Study design: A systematic review of randomized and/or double-blinded controlled trials.
Summary of background data: The use of muscle relaxants in the management of nonspecific low back pain is controversial. It is not clear if they are effective, and concerns have been raised about the potential adverse effects involved.
Objectives: The aim of this review was to determine if muscle relaxants are effective in the treatment of nonspecific low back pain.
Methods: A computer-assisted search of the Cochrane Library (Issue 2, 2002), MEDLINE (1966 up to October 2001), and EMBASE (1988 up to October 2001) was carried out. These databases were searched using the algorithm recommended by the Cochrane Back Review Group. References cited in the identified articles and other relevant literature were screened. Randomized and/or double-blinded controlled trials, involving patients diagnosed with nonspecific low back pain, treated with muscle relaxants as monotherapy or in combination with other therapeutic methods, were included for review. Two reviewers independently carried out the methodologic quality assessment and data extraction of the trials. The analysis comprised not only a quantitative analysis (statistical pooling) but also a qualitative analysis ("best evidence synthesis"). This involved the appraisal of the strength of evidence for various conclusions using a rating system based on the quality and outcomes of the studies included. Evidence was classified as "strong," "moderate," "limited," "conflicting," or "no" evidence.

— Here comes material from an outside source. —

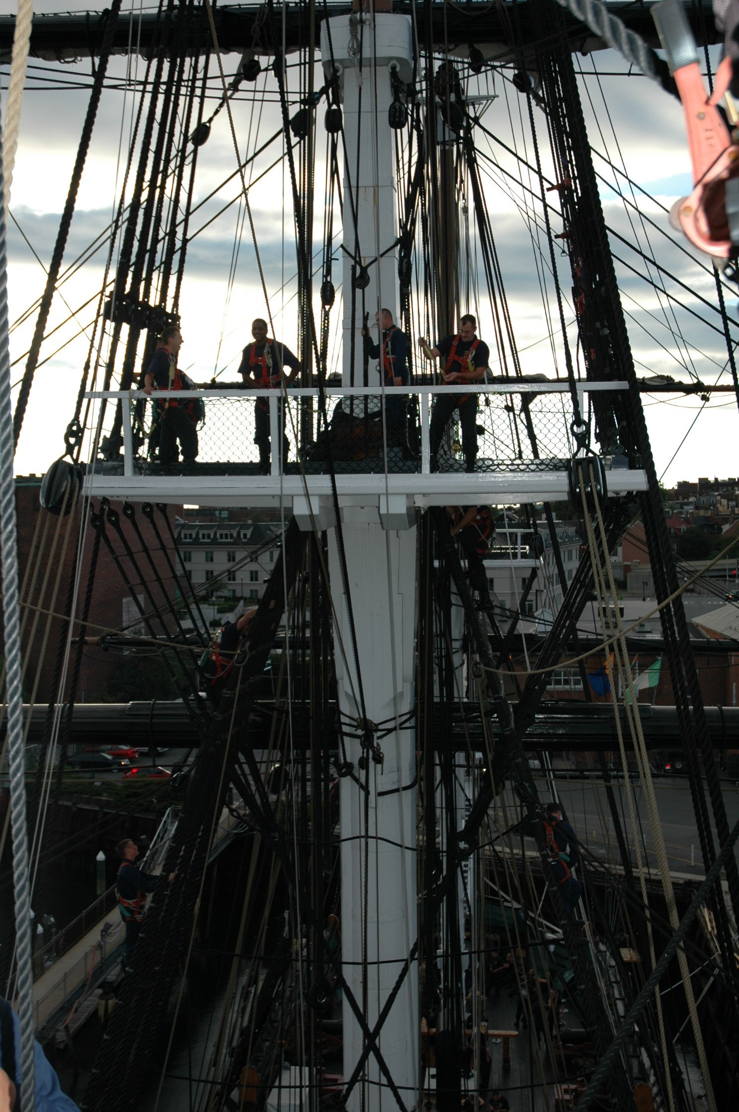 Boston, Mass. (Sept. 3, 2004) – Sailors stand on the main fighting top aboard USS Constitution during annual chief petty officer (CPO) selectee training. The crew assigned to Constitution, the oldest commissioned warship afloat in the world, takes part in CPO select training every summer, teaching the new chiefs techniques from the sailing days of the past so they can apply that knowledge in their modern careers. U.S. Navy photo by Journalist 2nd Class Matt Chabe (RELEASED)

Results: Thirty trials met the inclusion criteria. Twenty-three trials (77%) were of high quality; 24 trials (80%) were on acute low back pain. Four trials studied benzodiazepines, 11 nonbenzodiazepines, and 2 antispasticity muscle relaxants in comparison with placebo. Results showed that there is strong evidence that any of these muscle relaxants are more effective than placebo for patients with acute low back pain on short-term pain relief. The pooled relative risk for nonbenzodiazepines versus placebo after 2 to 4 days was 0.80 (95% confidence interval: 0.71 to 0.89) for pain relief and 0.49 (95% confidence interval: 0.25 to 0.95) for global efficacy. Adverse events, however, with a relative risk of 1.50 (95% confidence interval: 1.14 to 1.98) were significantly more prevalent in patients receiving muscle relaxants and especially the central nervous system adverse effects (relative risk 2.04; 95% confidence interval: 1.23 to 3.37). The various muscle relaxants were found to be similar in performance.
Conclusions: Muscle relaxants are effective in the management of nonspecific low back pain, but the adverse effects require that they be used with caution. Trials are needed that evaluate if muscle relaxants are more effective than analgesics or nonsteroidal anti-inflammatory drugs.